• Problem requirements
Using the data that follows, give again word for word the lines between the one holding "Made in Portugal" and the one holding "Våra kupoler kommer", inclusive. Omit the pictures.
*** Opening of Task inputs ***
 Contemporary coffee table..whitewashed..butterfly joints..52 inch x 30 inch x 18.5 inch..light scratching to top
*** Close of Task inputs ***
*** Opening of Task inputs ***
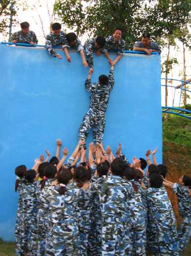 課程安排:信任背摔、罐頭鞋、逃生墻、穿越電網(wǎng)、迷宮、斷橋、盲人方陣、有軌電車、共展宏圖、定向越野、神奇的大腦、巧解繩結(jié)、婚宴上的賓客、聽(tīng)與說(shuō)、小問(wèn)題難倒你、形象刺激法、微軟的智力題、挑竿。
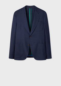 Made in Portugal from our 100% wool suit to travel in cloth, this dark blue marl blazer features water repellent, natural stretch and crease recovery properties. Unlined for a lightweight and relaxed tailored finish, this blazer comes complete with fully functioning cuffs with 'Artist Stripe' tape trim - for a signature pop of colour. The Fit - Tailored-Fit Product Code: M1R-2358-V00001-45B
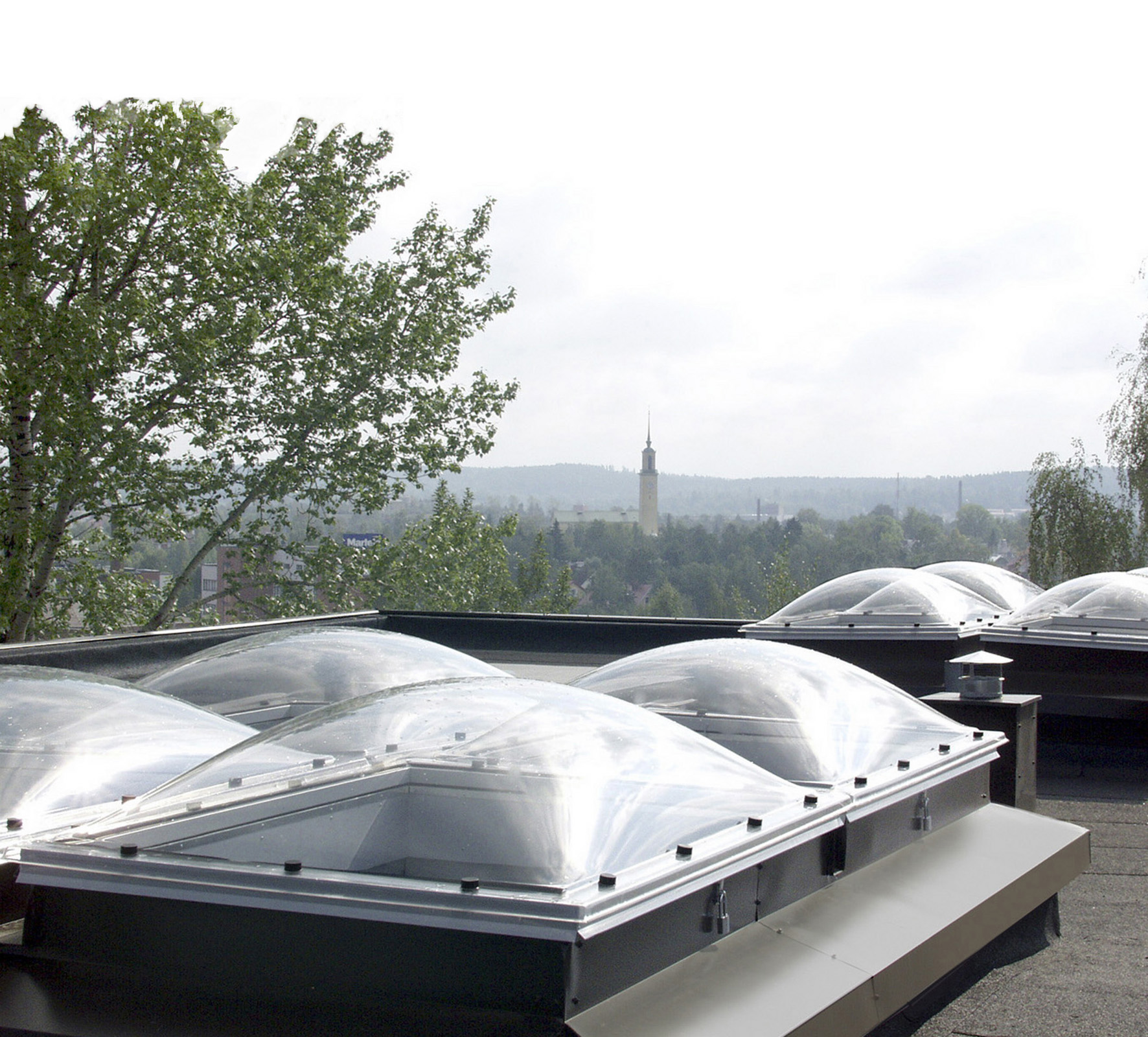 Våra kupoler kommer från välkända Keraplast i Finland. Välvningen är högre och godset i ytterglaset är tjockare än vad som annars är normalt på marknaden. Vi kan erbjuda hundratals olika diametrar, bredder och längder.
*** Close of Task inputs ***
*** Opening of Task inputs ***
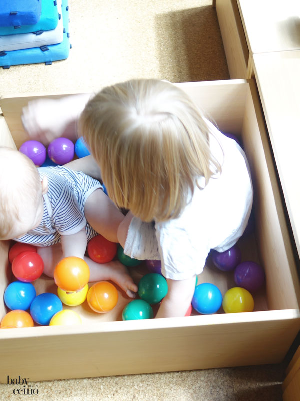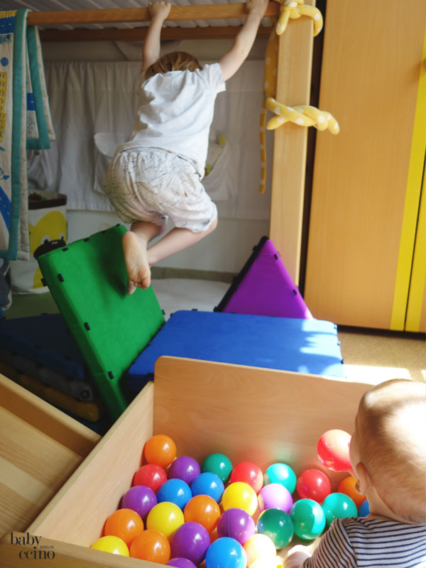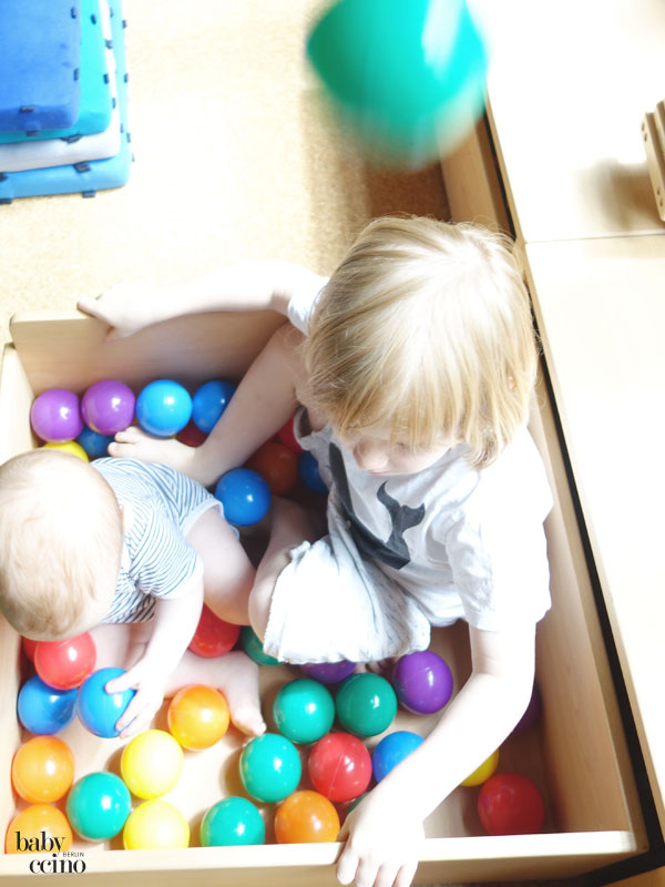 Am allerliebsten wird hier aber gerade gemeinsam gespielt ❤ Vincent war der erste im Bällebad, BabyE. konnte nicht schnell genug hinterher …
*** Close of Task inputs ***
• Response area
 Made in Portugal from our 100% wool suit to travel in cloth, this dark blue marl blazer features water repellent, natural stretch and crease recovery properties. Unlined for a lightweight and relaxed tailored finish, this blazer comes complete with fully functioning cuffs with 'Artist Stripe' tape trim - for a signature pop of colour. The Fit - Tailored-Fit Product Code: M1R-2358-V00001-45B
 Våra kupoler kommer från välkända Keraplast i Finland. Välvningen är högre och godset i ytterglaset är tjockare än vad som annars är normalt på marknaden. Vi kan erbjuda hundratals olika diametrar, bredder och längder.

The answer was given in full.